Yes, welcome, Chewy! I had trouble figuring out what you meant also! We do not require annual inspections here in Alberta!


----------



## molly (Oct 31, 2014)

quadraria10 said:


> Hi again Molly,
> Sounds like you have finally found a good mechanic that you can rely upon. That is half the battle in owning an older vehicle. I am just curious how you are measuring your oil level and determining you are down half a quart. Usually the amount between the min and max fill lines is a quart, and any measurement in between there is acceptable. Also you should be measuring after the vehicle has sat for a few hours, or first thing in the morning.

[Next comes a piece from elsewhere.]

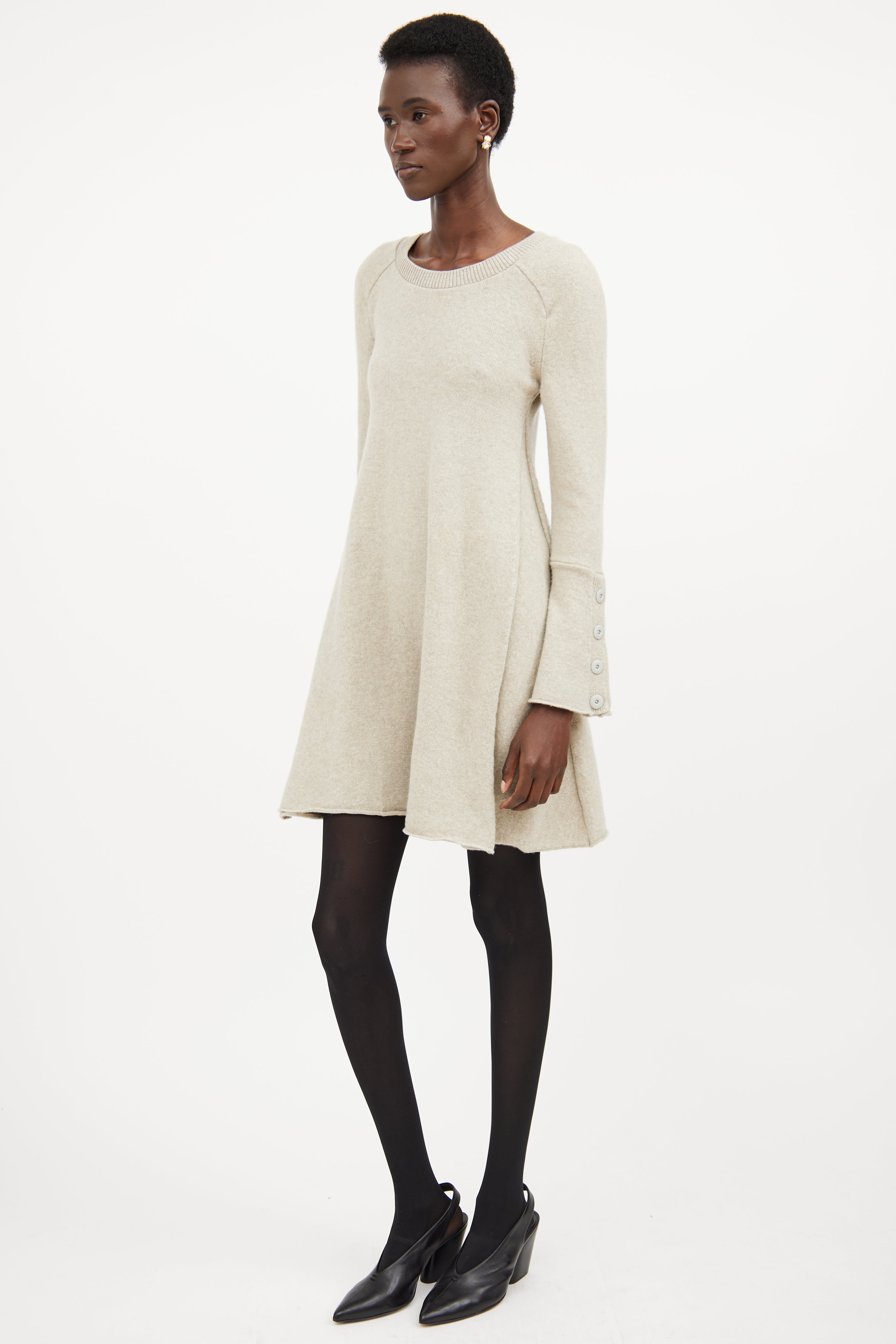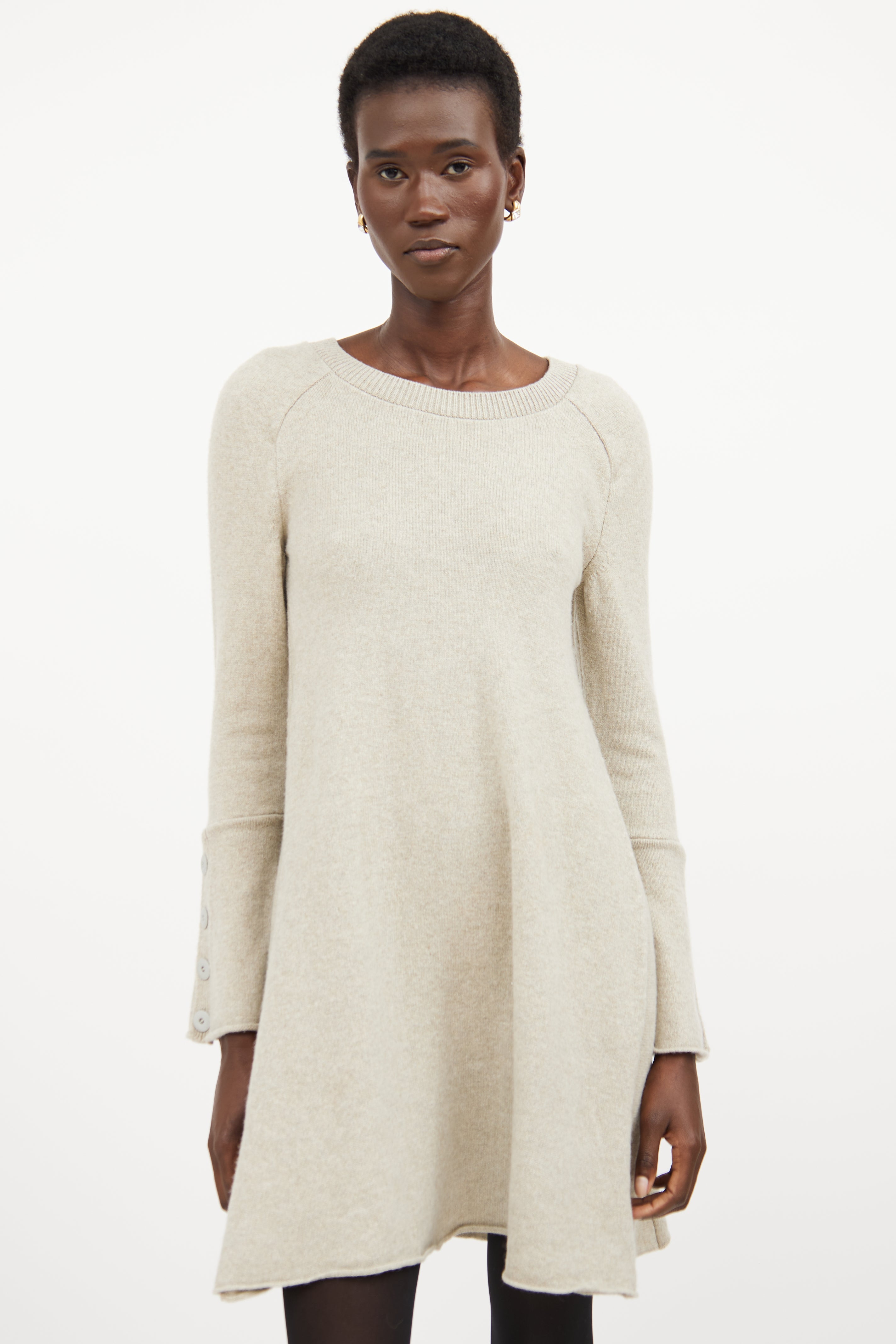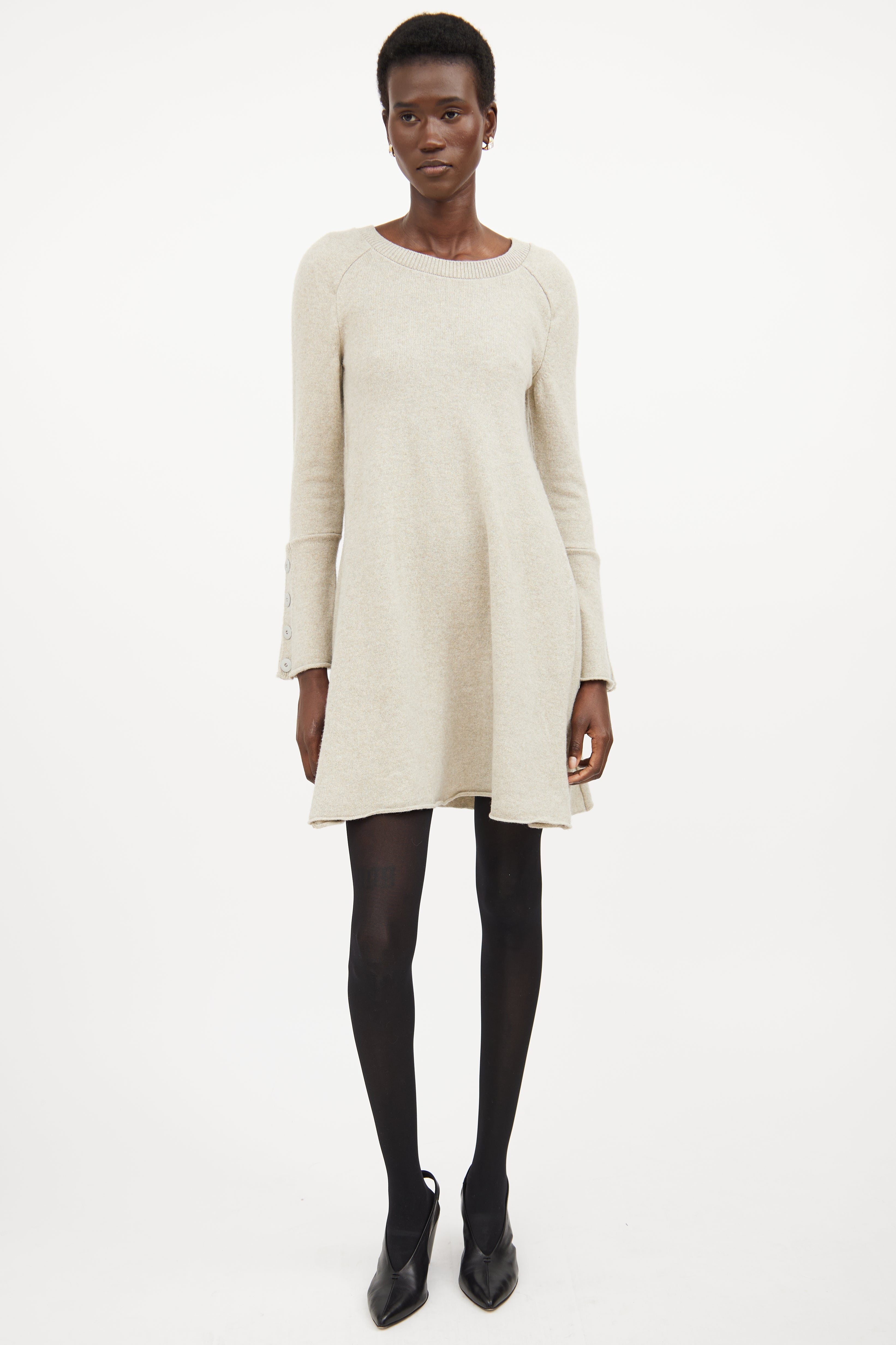 Pre-owned Balenciaga grey wool knit sweater dress featuring a round neckline, long raglan sleeves with flared buttoned cuffs, and panelled seams at sides.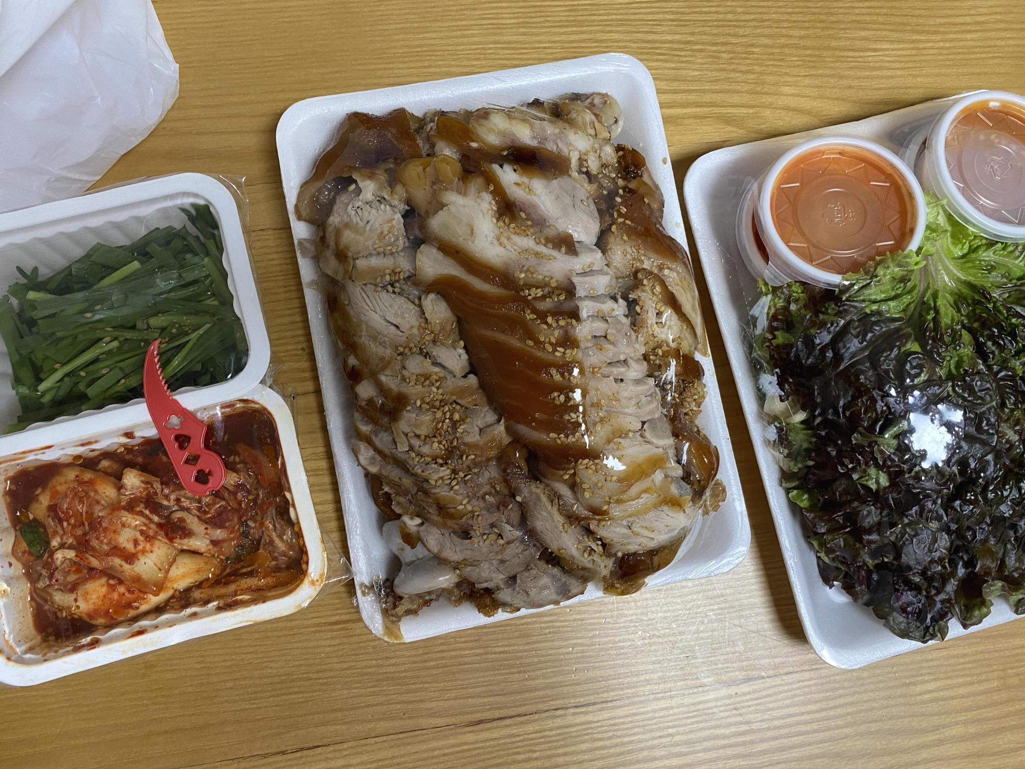 마늘과 고추가 없다고? 아니다. 상추 밑에 적당량이 깔려있다. 내 입에 고추는 약간 매웠다. 부추는 간장 양념이 바닥에 깔려있으니 잘 비벼서 먹으면 되고, 쌈장과 새우젓, 그리고 양념범벅의 김치가 있다. 김치는 익었다기 보다는 양념으로 인한 강한맛을 내뿜고 있었는데, 이건 어느동네 김치 특징인지 잘모르겠지만, 족발과의 궁합이 괜찮았다.

Yes, we know to check oil when engine is cool! It was just what hubby ended up putting in so that it read full, and he estimated that he put in half a quart. So we will keep checking on a regular basis, and I will also keep an eye on what X-Trails are going for, in case we want to sell it this spring. There are a lot for sale right now! When I bought this, there were less than half a dozen on the market, including Kijiji and Autotrader. 

Do you belong to that Facebook group for X-Trails? I do. Some fancy rigs on there! 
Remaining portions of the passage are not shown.